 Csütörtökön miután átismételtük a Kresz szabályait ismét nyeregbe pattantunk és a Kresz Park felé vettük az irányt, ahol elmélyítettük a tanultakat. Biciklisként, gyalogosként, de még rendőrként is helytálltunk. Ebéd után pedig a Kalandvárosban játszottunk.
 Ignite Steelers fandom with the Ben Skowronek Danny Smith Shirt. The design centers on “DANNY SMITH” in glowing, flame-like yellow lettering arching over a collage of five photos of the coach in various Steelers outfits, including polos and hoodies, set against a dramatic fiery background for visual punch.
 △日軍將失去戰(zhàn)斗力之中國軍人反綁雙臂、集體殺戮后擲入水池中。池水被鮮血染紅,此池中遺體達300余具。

====

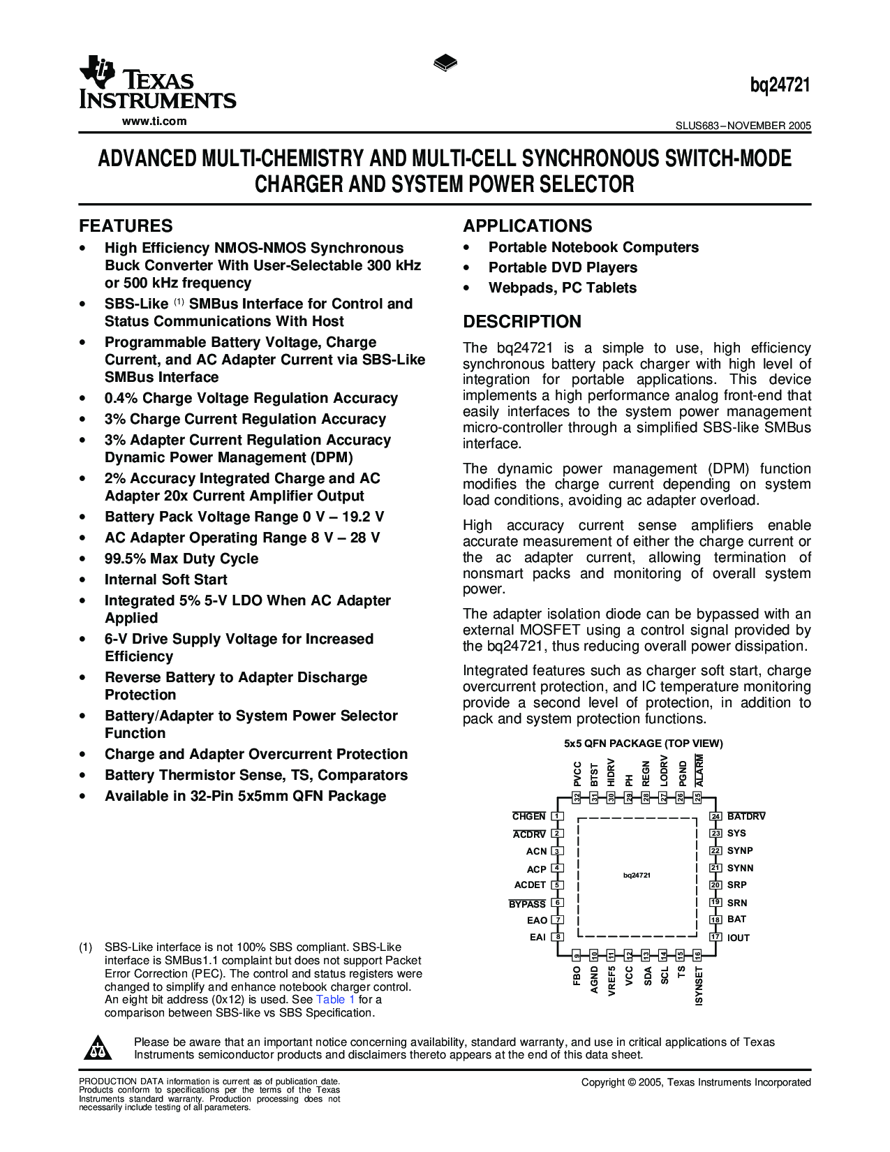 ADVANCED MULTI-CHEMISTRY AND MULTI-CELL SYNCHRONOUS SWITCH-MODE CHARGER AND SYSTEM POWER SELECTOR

====

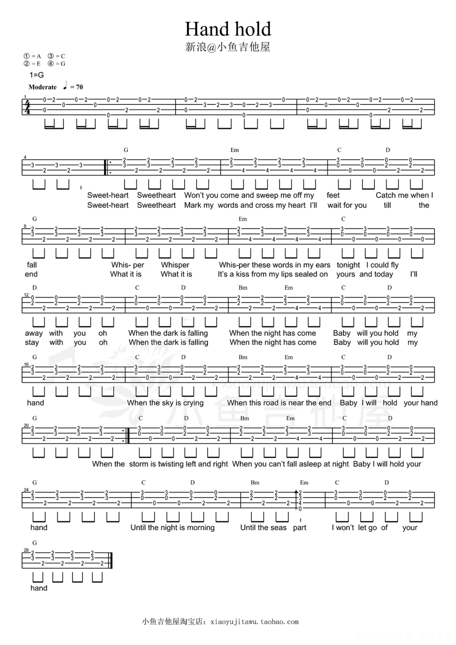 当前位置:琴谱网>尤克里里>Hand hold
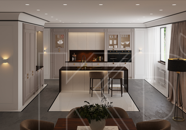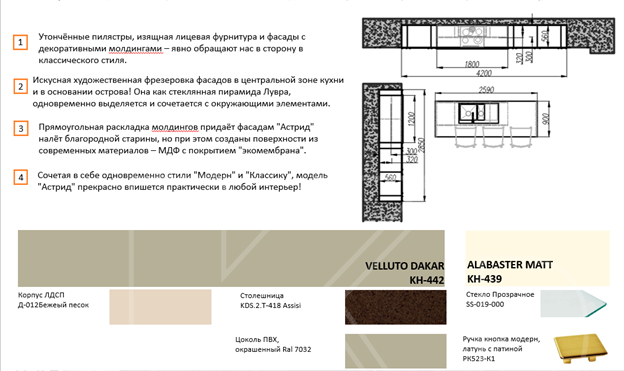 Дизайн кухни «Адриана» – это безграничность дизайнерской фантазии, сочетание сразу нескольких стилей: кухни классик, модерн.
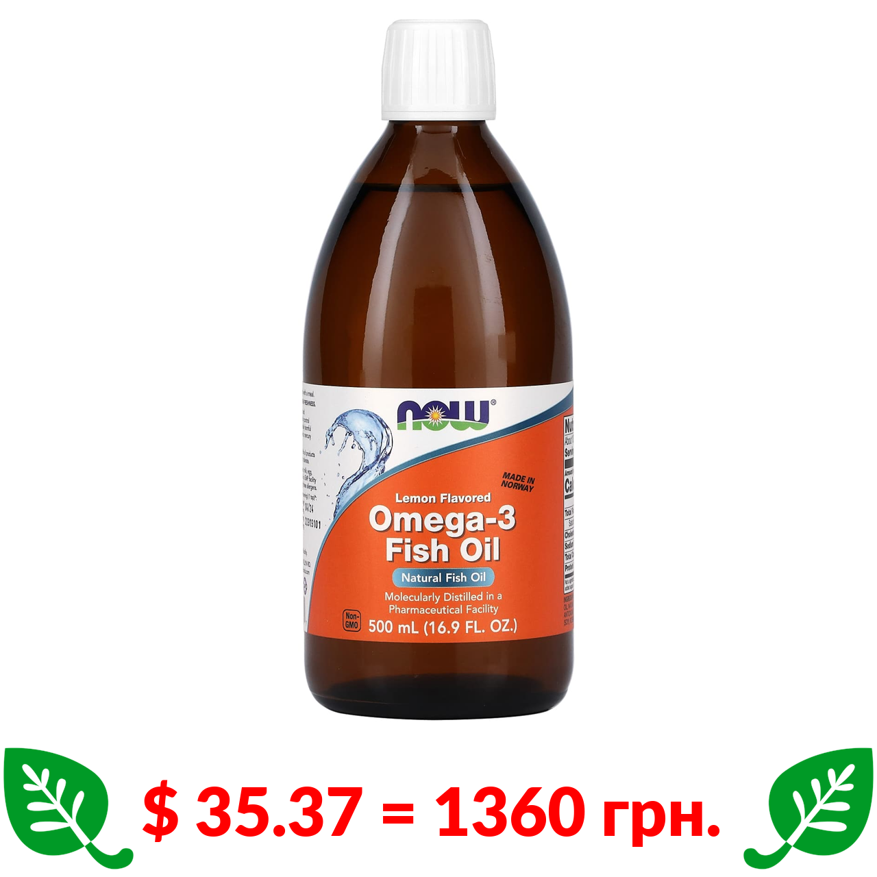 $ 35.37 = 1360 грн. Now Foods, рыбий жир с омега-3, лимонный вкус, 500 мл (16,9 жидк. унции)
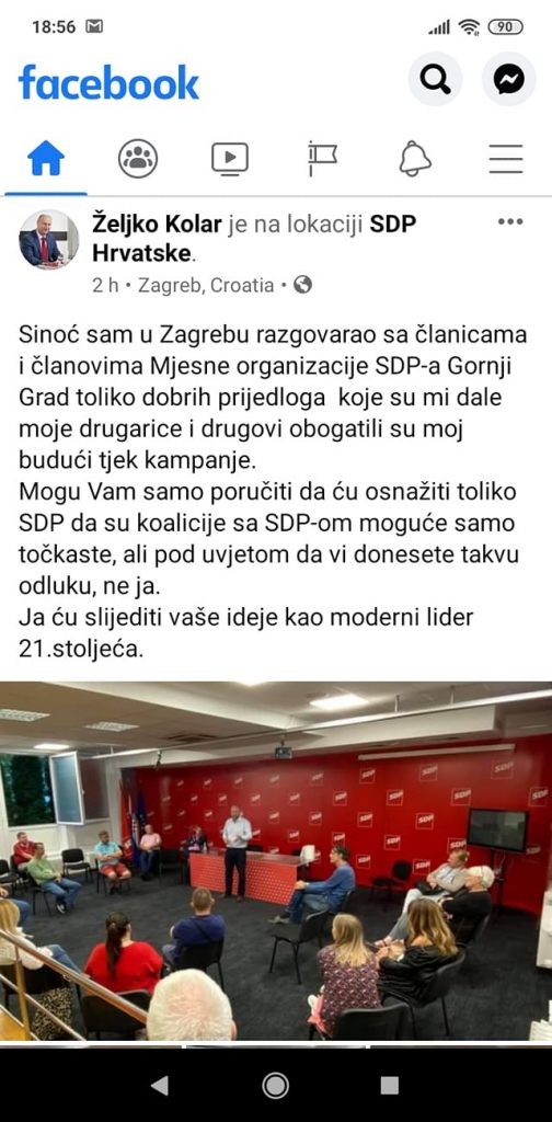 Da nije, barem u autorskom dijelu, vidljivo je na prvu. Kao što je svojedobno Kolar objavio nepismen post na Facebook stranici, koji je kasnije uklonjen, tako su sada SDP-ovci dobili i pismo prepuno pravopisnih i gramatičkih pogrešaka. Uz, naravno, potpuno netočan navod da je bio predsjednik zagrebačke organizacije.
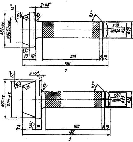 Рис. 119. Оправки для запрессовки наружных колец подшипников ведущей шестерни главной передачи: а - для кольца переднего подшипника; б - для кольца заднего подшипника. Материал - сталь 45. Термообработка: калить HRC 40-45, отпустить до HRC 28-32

====

**Work to complete:**
Copy word for word the lines of the records above from the one with "当前位置:琴谱网>尤克里里>Hand hold" up to and including the one with "(16,9 жидк. унции)". Skip the pictures.

**Answer box:**
 当前位置:琴谱网>尤克里里>Hand hold
 Дизайн кухни «Адриана» – это безграничность дизайнерской фантазии, сочетание сразу нескольких стилей: кухни классик, модерн.
 $ 35.37 = 1360 грн. Now Foods, рыбий жир с омега-3, лимонный вкус, 500 мл (16,9 жидк. унции)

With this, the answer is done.